*** Block opens ***

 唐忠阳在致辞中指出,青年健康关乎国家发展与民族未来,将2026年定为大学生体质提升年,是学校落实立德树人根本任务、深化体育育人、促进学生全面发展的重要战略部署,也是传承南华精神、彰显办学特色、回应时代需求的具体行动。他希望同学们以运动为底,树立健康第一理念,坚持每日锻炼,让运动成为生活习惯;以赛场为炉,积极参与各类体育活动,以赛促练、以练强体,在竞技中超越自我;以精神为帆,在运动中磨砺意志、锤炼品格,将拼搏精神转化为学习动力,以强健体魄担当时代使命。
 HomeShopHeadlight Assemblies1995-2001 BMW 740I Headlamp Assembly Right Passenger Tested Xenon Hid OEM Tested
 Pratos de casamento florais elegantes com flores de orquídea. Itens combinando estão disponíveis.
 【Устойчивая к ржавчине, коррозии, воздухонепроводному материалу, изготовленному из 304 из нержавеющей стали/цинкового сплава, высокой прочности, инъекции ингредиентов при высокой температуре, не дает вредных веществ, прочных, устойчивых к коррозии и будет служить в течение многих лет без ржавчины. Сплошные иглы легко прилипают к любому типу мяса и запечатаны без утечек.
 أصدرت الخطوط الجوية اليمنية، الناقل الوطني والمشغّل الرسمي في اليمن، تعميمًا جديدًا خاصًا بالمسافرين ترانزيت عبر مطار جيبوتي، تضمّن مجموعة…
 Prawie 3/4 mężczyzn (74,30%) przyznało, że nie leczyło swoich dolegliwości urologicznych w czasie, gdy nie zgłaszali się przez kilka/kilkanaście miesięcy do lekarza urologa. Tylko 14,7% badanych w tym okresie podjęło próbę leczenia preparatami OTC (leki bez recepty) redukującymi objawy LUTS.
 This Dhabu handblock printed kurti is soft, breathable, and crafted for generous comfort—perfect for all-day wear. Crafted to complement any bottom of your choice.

*** Block closes ***
*** Block opens ***

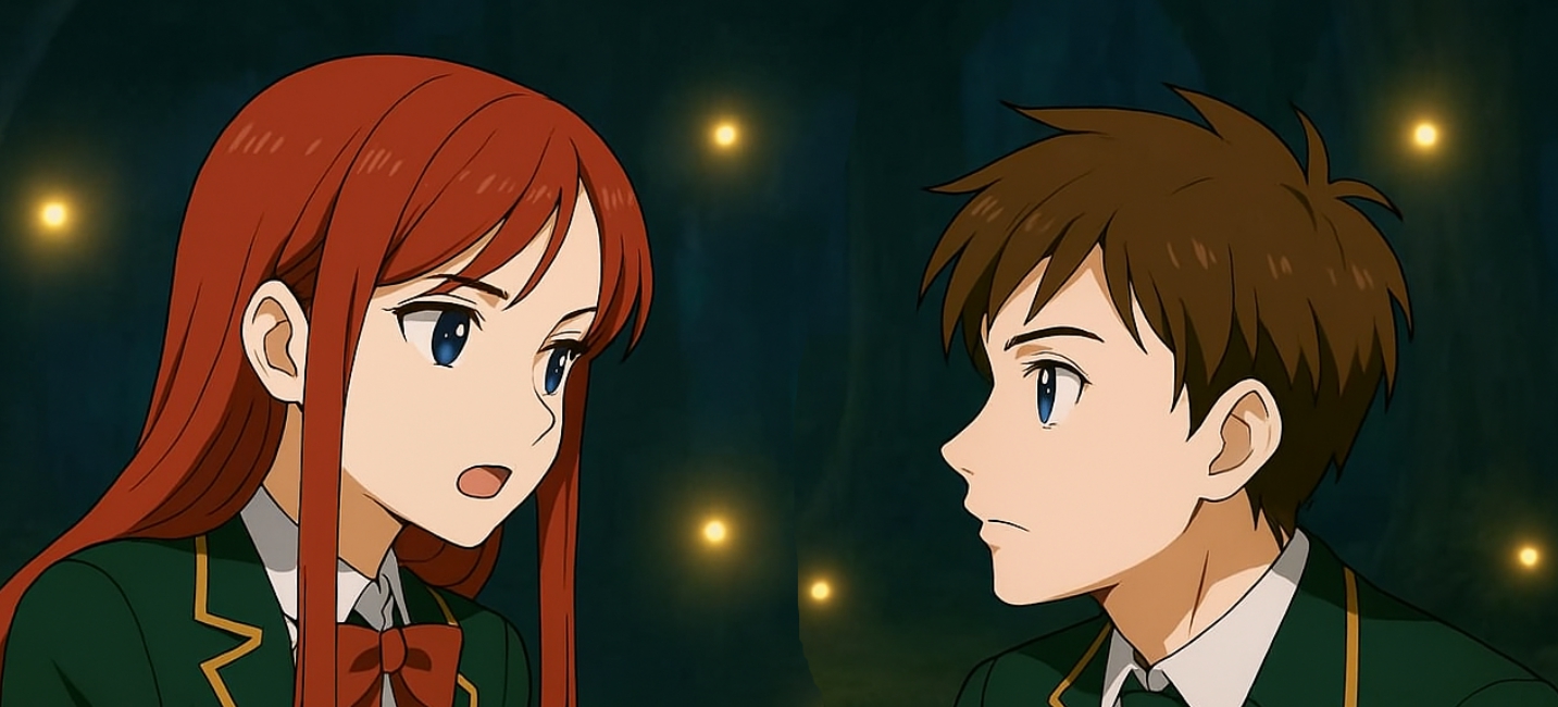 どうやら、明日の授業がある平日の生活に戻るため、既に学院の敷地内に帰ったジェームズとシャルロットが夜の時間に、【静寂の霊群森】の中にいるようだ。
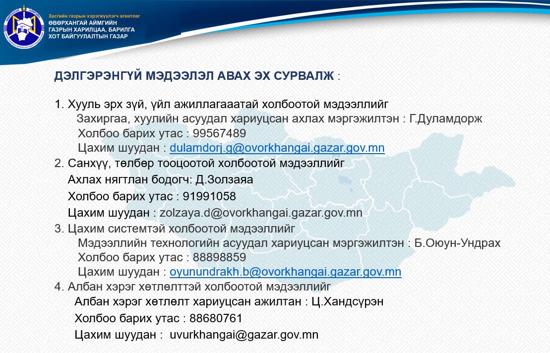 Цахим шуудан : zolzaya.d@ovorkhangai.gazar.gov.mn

*** Block closes ***
*** Block opens ***

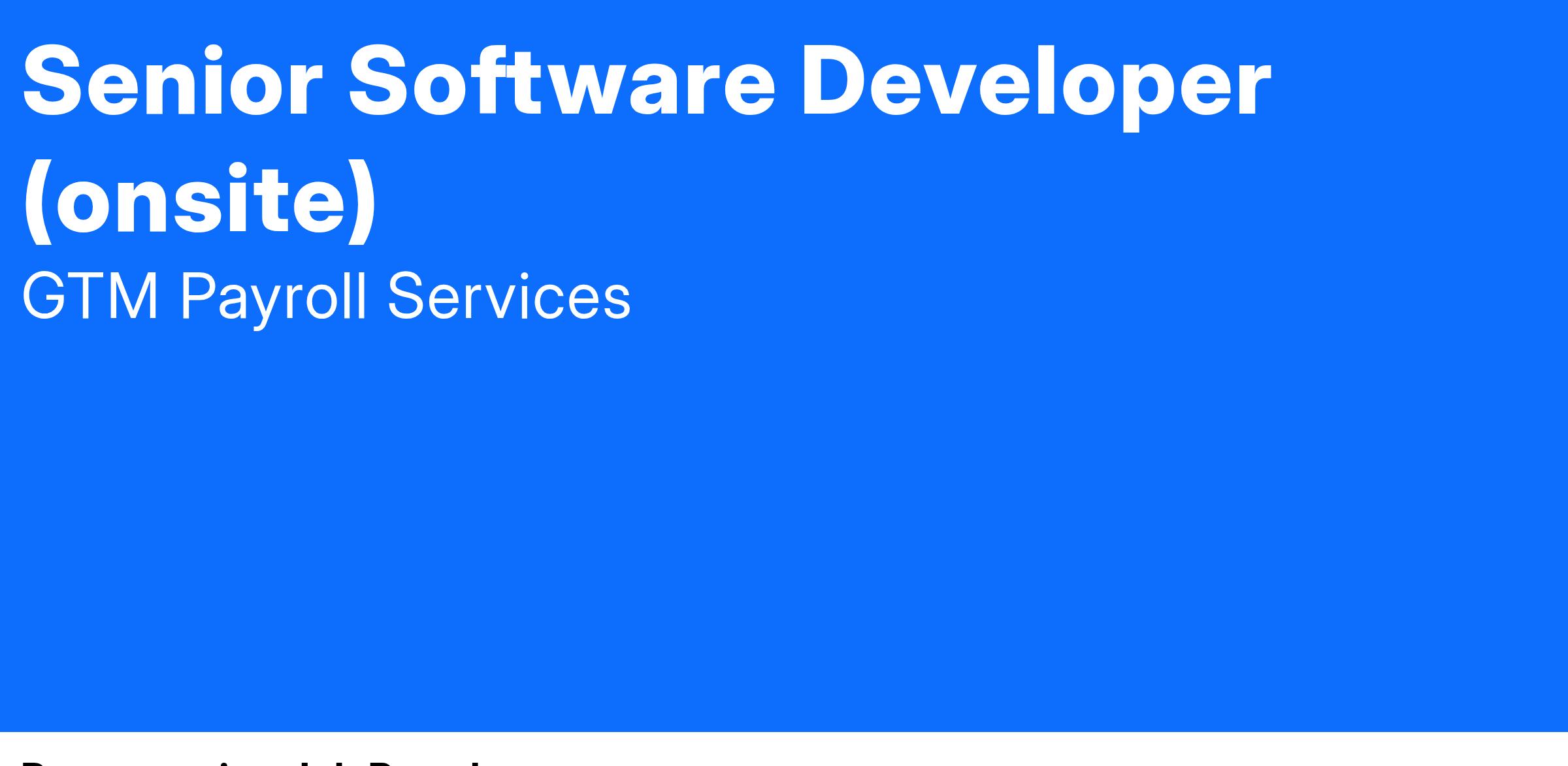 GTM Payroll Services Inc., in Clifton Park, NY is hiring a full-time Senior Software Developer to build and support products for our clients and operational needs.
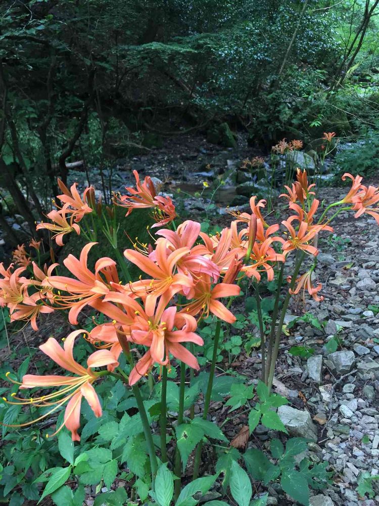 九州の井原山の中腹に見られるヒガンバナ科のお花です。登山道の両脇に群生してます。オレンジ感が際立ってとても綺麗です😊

*** Block closes ***

**BRIEF:** Your answer should consist solely of the lines above from the line with "HomeShopHeadlight Assemblies1995-2001 BMW" to the line with "запечатаны без утечек.", both included, reproduced exactly.

**RESPONSE TO THIS TASK:**
 HomeShopHeadlight Assemblies1995-2001 BMW 740I Headlamp Assembly Right Passenger Tested Xenon Hid OEM Tested
 Pratos de casamento florais elegantes com flores de orquídea. Itens combinando estão disponíveis.
 【Устойчивая к ржавчине, коррозии, воздухонепроводному материалу, изготовленному из 304 из нержавеющей стали/цинкового сплава, высокой прочности, инъекции ингредиентов при высокой температуре, не дает вредных веществ, прочных, устойчивых к коррозии и будет служить в течение многих лет без ржавчины. Сплошные иглы легко прилипают к любому типу мяса и запечатаны без утечек.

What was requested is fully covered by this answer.